Re: Git as electronic lab notebook

"Ciprian Dorin, Craciun" <ciprian.craciun@xxxxxxxxx> · Sat, 19 Dec 2009 15:38:32 +0200



On Sat, Dec 19, 2009 at 2:23 PM, Thomas Johnson
<thomas.j.johnson@xxxxxxxxx> wrote:
> Hello group,
>
> I've been using git on a few different projects over the last couple of months,
> and as a former svn user I really like it. Recently, I've been using it as an
> 'electronic lab notebook' for an empirical project.

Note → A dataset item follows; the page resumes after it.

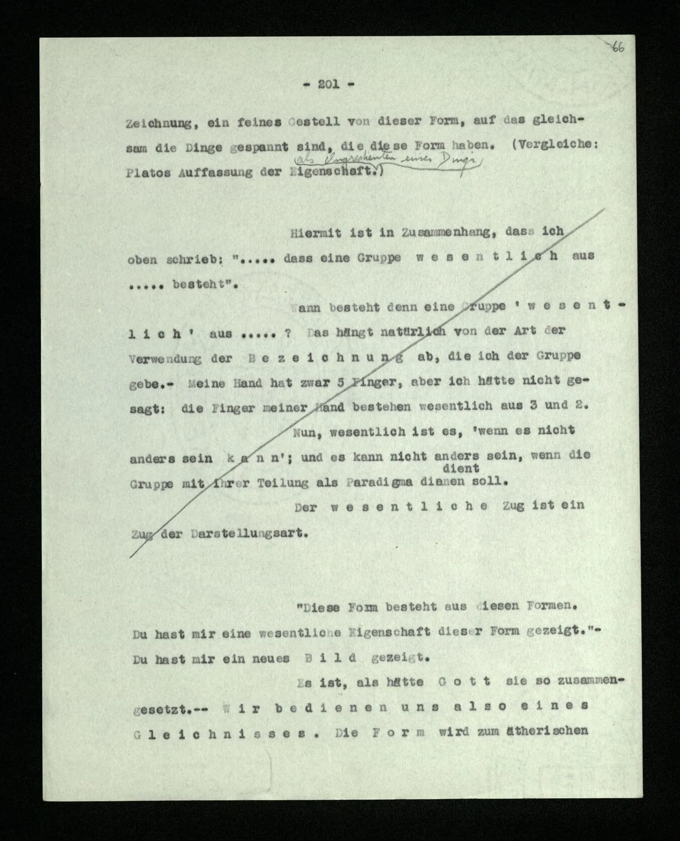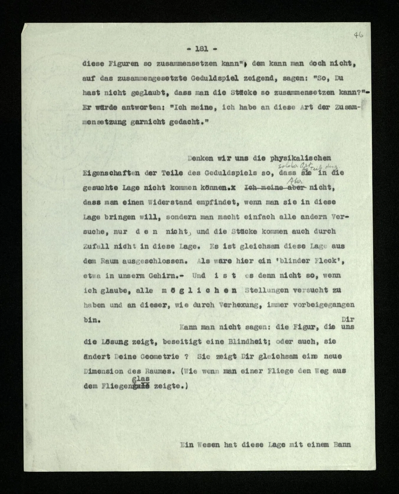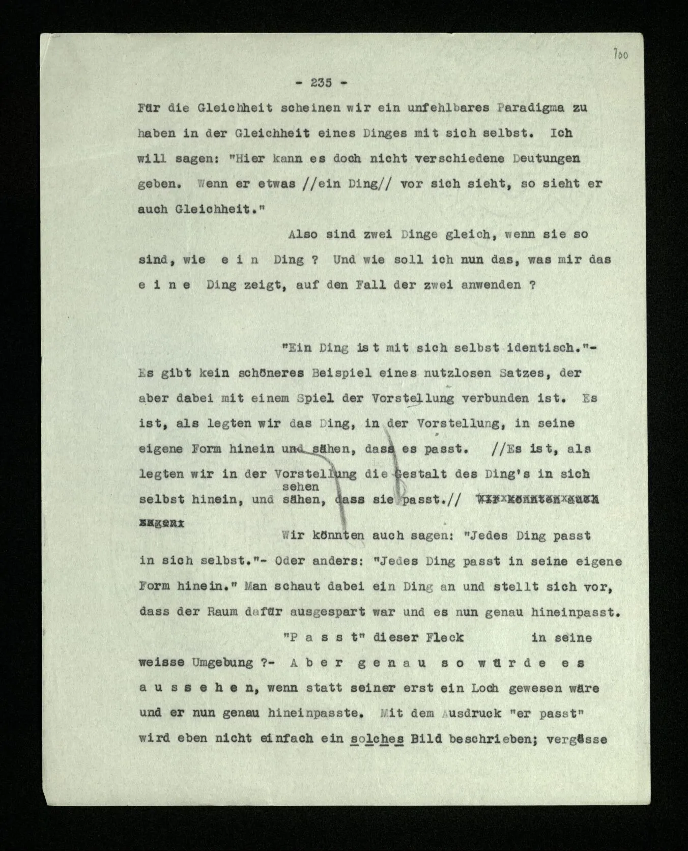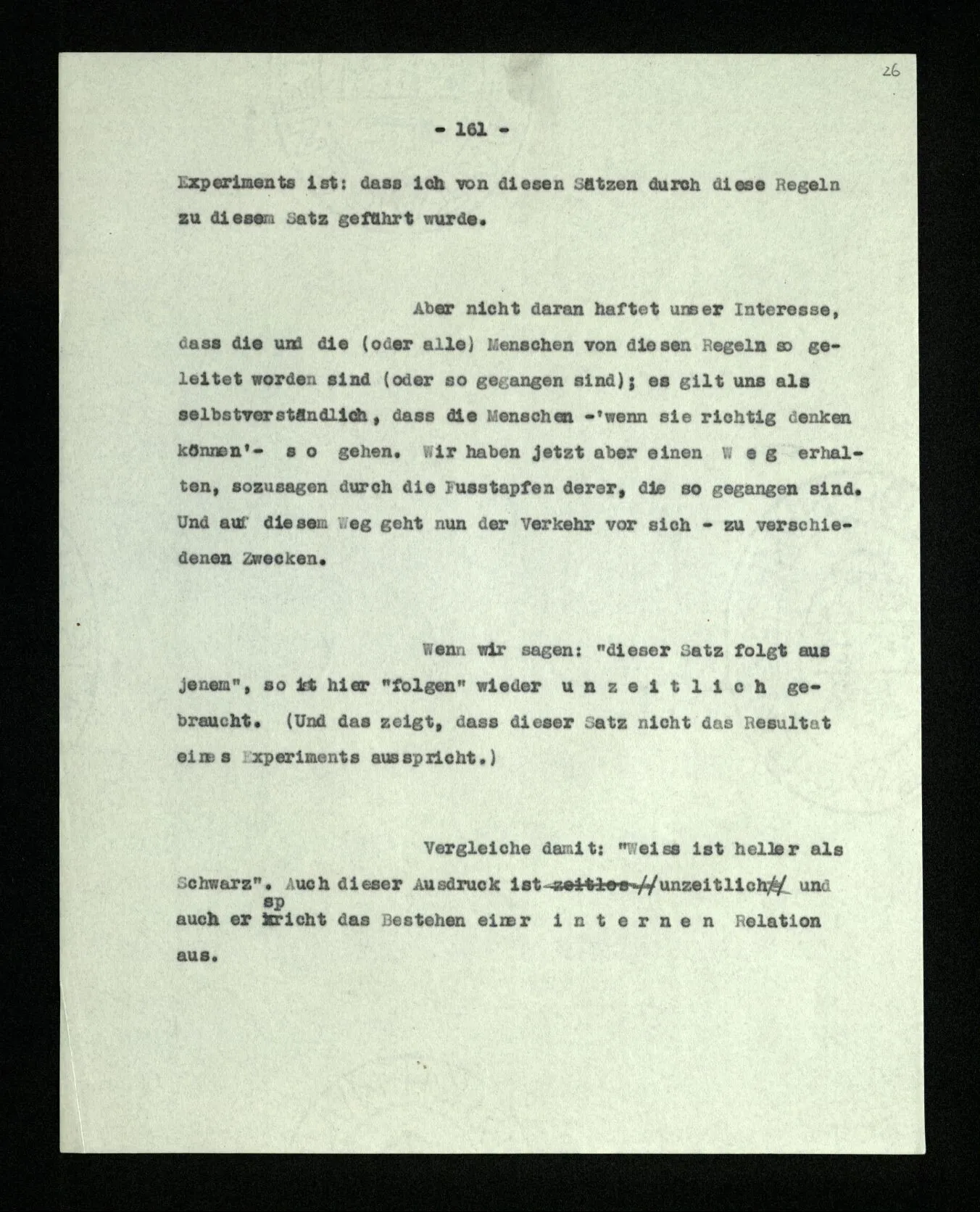 Was ist denn das Charakteristikum der ‘internen Eigenschaften’? Daß sie immer, unveränderlich in dem Ganzen bestehen, das sie bilden; gleichsam unabhängig von allen äußeren Geschehnissen. Wie die Konstruktion einer Maschine auf dem Papier nicht bricht, wenn die Maschine selbst äußeren Kräften erliegt. – Oder ich möchte sagen: daß sie nicht Wind und Wetter unterworfen sind, wie das Physikalische der Dinge; sondern unangreifbar wie Schemen.

My workflow looks like this:
> 1. Start with the stable code base on head
> 2. Create  and change to branch 'Experiment123'
> 3. Make some changes
> 4. Run the program, which generates a giant (10MB-4G) output text file,
> Experiment123.log. Update my LabNotebook.txt file.
> 5. Were the new changes helpful?
> 5.yes: Bzip Experiment123.log, and commit it on the branch. Merge the
> Experiment123 branch to head and goto 1.
> 5.no: Bzip Experiment123.log, and commit it on the branch. Merge LabNotebook.txt
> and Experiment123.log back to head. Switch back to head and goto 1.
>
> The thing is, Experiment123.log is going to be very similar to Experiment122.log
> and Experiment124.log except for a few details. My understanding is that git is
> great at compressing groups of files like this, is that correct? Should I not be
> bzipping them myself? On the other hand, I don't want HEAD to contain hundreds
> of gigs of uncompressed files that bzip down to only a few hundred megs.
>
> Any thoughts on the workflow itself would also be very welcome.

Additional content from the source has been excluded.